The PAPI library names approximately 100 preset events, which are defined in the header file, papiStdEventDefs.h. For a given platform, a subset of these preset events can be counted though either a simple high-level programming interface or a more complete C or Fortran low-level interface. For a list and a job description of all the preset events, see Appendix A.

 

The exact semantics of an event counter are platform dependent. PAPI preset names are mapped onto available events in a way, so it can count as many similar types of events as possible on different platforms. Due to hardware implementation differences, it is not necessarily feasible to directly compare the counts of a particular PAPI event obtained on different hardware platforms. To determine which preset events are available on a specific platform, see Appendix E or run tests/avail.c in the papi source distribution.

PRESET QUERY

The following low-level functions can be called to query about the existence of a preset (in other words, if the hardware supports that certain preset), to query details about a PAPI event, or to acquire details about all PAPI events, respectively:

 

C:

PAPI_query_event(EventCode)

PAPI_query_event_verbose(EventCode, info)

PAPI_query_all_events_verbose()

 

Fortran:

PAPIF_query_event(EventCode, check)

PAPIF_query_event_verbose(EventCode, EventName, EventDescr, EventLabel, avail, EventNote, flags, check)

 

ARGUMENTS

EventCode -- a defined event, such as PAPI_TOT_INS.

EventName -- the event name, such as the preset name, PAPI_BR_CN.

EventDescr -- a descriptive string for the event of length less than PAPI_MAX_STR_LEN.

EventLabel -- a short descriptive label for the event of length less than 18 characters.

avail -- zero if the event CANNOT be counted.

EventNote -- additional text information about an event (if available).

flags -- provides additional information about an event, e.g., PAPI_DERIVED for an event derived from 2 or more other events.

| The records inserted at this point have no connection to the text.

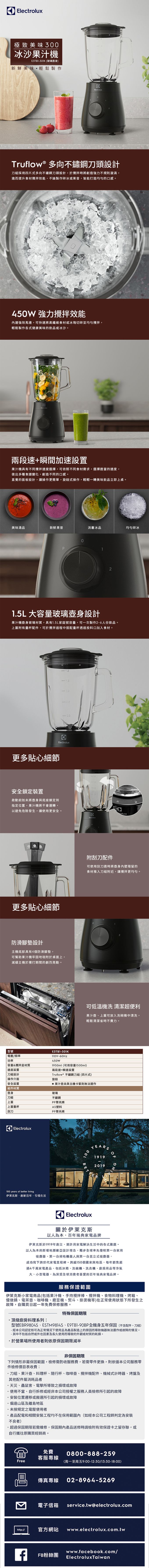 品名:450瓦 極致美味300 冰沙果汁機 玻璃杯身 E3TB1-301K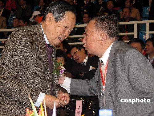 11月1日,在西南聯大在昆建校70周年紀念大會上,諾貝爾獎獲得者楊振寧與錢學森弟子、中國控制論與人工智能專家戴汝為院士相談甚歡,共敘友情。
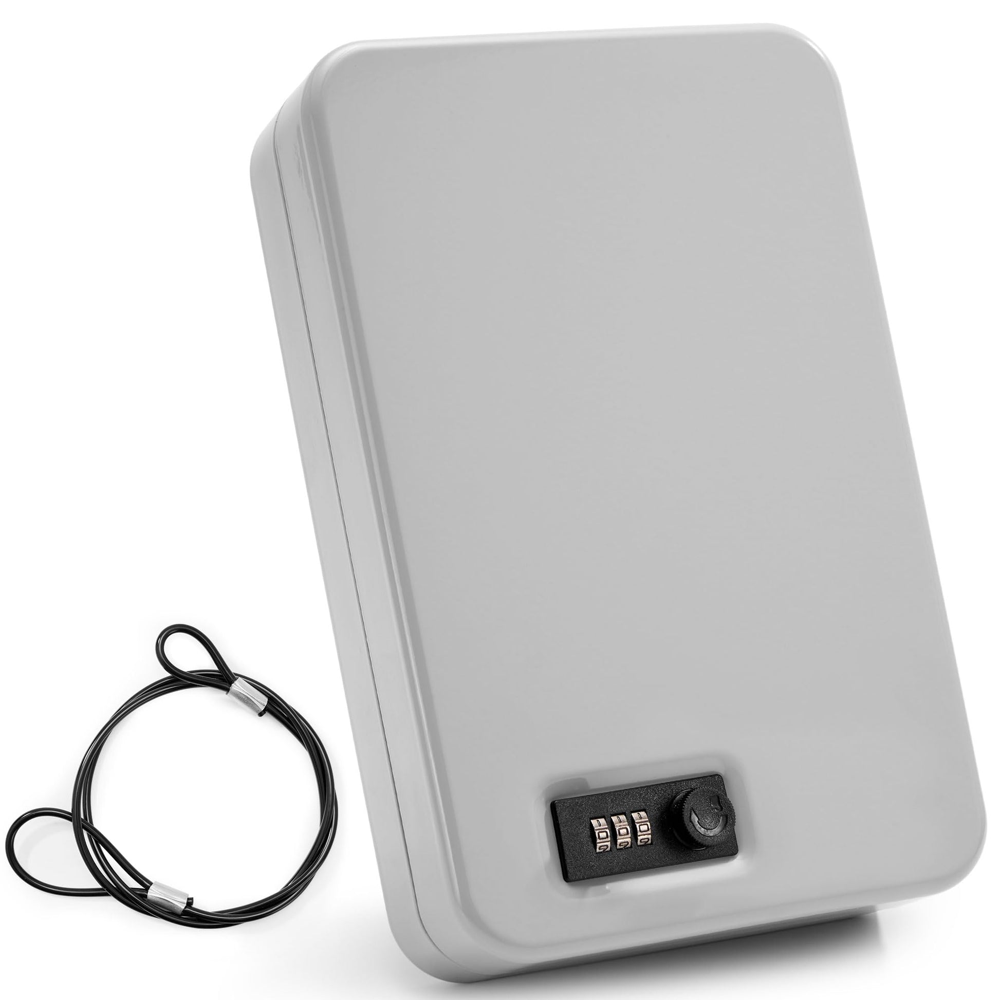 - 【Protection Safety】The handgun lock box keeps your stuff out of reach and safe. It will serve to keep kids away from a gun, as well as the potential for satisfying law enforcement in a carry situation. It comes with a metal tether wrapped in black sheathing to lock the safe where you want.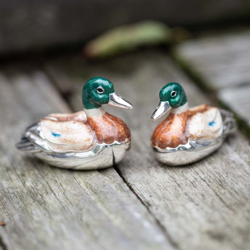 Zilveren tafelstukje / miniatuurtje in de vorm van een eend met emaille, Saturno nieuw in geschenkverpakking. Prachtige, stevige eend, 5,4 cm x 2 cm en 3,5 cm hoog, ±40 gram.

Note that PAPI_query_all_events_verbose is not implemented in Fortran because it returns a C pointer to an array of C structures.

 

PAPI_query_event asks the PAPI library if the PAPI Preset event can be counted on this architecture. If the event CAN be counted, the function returns PAPI_OK. If the event CANNOT be counted, the function returns an error code. On some platforms, this function also can be used to check the syntax of a native event.

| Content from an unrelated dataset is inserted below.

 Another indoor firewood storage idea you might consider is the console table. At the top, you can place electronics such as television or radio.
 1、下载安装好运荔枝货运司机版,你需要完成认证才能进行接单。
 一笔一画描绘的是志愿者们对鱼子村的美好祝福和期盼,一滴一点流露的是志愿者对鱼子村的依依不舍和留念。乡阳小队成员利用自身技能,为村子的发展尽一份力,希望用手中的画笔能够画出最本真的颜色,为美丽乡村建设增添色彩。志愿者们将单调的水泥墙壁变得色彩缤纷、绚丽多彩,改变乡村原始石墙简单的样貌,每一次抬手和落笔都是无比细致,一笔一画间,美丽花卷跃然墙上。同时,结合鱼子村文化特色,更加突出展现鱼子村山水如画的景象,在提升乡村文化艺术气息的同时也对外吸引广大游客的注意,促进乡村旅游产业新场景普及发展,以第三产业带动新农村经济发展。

PAPI_query_event_verbose asks the PAPI library for a copy of an event descriptor. This descriptor can then be used to investigate the details about the event. In Fortran, the individual fields in the descriptor are returned as parameters.

 

PAPI_query_all_events_verbose asks the PAPI library to return a pointer to an array of event descriptors. The number of objects in the array is PAPI_MAX_PRESET_EVENTS and each object is a descriptor as returned by PAPI_query_event_verbose().